Sir:—A few days ago you gave four or five ways for pronouncing Czolgosz,
culled from as many papers. Now, there cannot be a half dozen proper
ways to pronounce one name; and, as all the papers quoted gave a
different way, it is barely possible that all were wrong, and I
believe that they were all wrong.
“Now, Mr. Editor, if you know how
to pronounce this jawbone-breaker, please tell us at once, or something
serious will surely happen; for it is painful to see the people
going about with one side of the face screwed up trying to get the
name right. It really seems as if you could pronounce it better
if you were standing on your head, but that is manifestly inconvenient.
So, do come to our rescue before we lose our mental equilibrium.
Be sure you get it right, or our condition will be worse when, after
learning another way to pronounce it, we should find it to be wrong.

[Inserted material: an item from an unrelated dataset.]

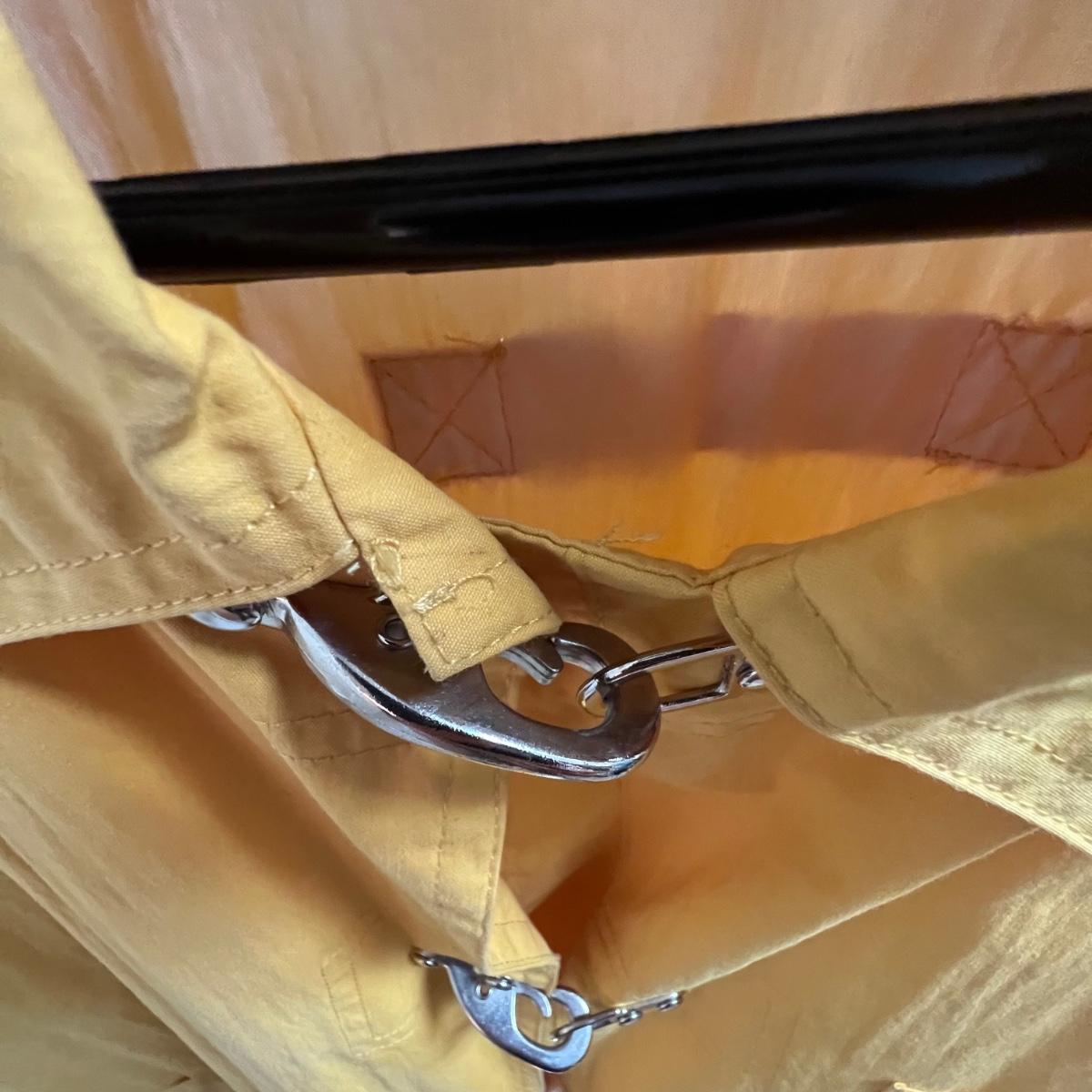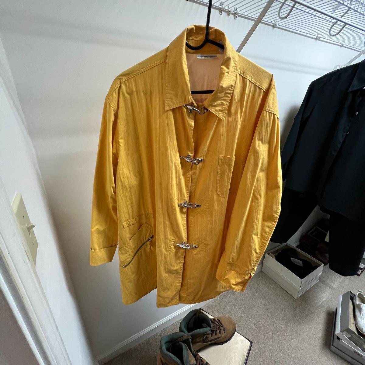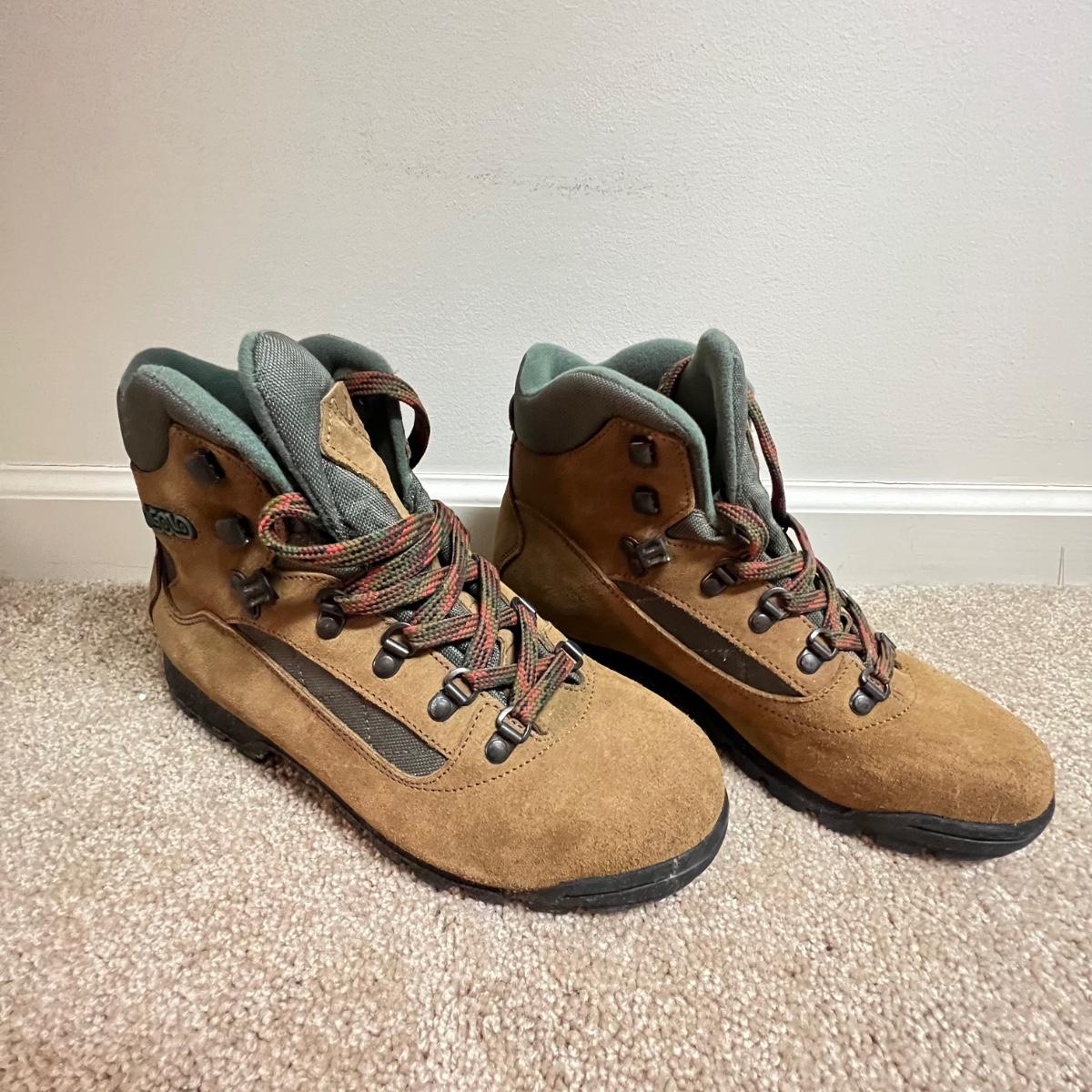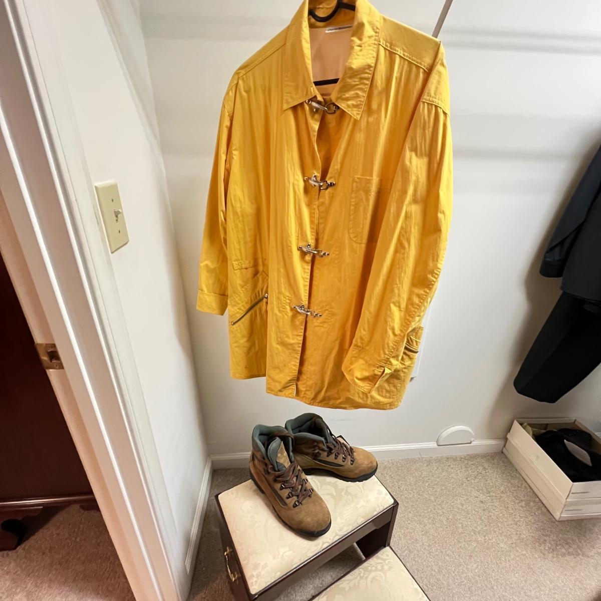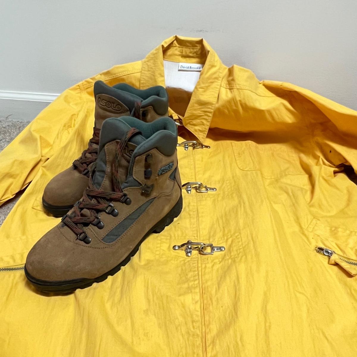 This pair of size 8.5 hiking boots are in very good condition with many, many miles to go! We have paired them with a vintage David Brooks yellow rain jacket with metal clasp hooks in size medium.

A relapse in such a case as this must certainly terminate fatally.
“Yours in deep distress,
“Populi.”
There are some subjects an editor
hesitates to approach. This is one of them. The Landmark does not
pretend to be an authority on Polish—when the word is spelled with
a capital “p” and the “o” is pronounced as in “Rome.” Under other
conditions, it might have something decisive to say. But if we knew
how to pronounce Czolgosz, we are sure our correspondent would not
be able to repeat it after us. We have it on good authority that
this same “Populi” went to a certain foreigner in our city and got
that gentleman to pronounce the name of the assassin as it would
be pronounced in Poland. The foreign gentleman did this as often
as was required, but “Populi” was found wanting. His tongue clave
to the roof of his mouth; his ordinarily active jawbone refused
to work; his imitative powers were paralyzed. If we were disposed
to tackle this problem, we might advance the claims of “Chullgoash;”
but our disposition, our instinct, is to flee. Give us something
easy, like “Roosevelt,” whose name is pronounced by most of the
authorities differently from his own pronunciation of it, poor fellow!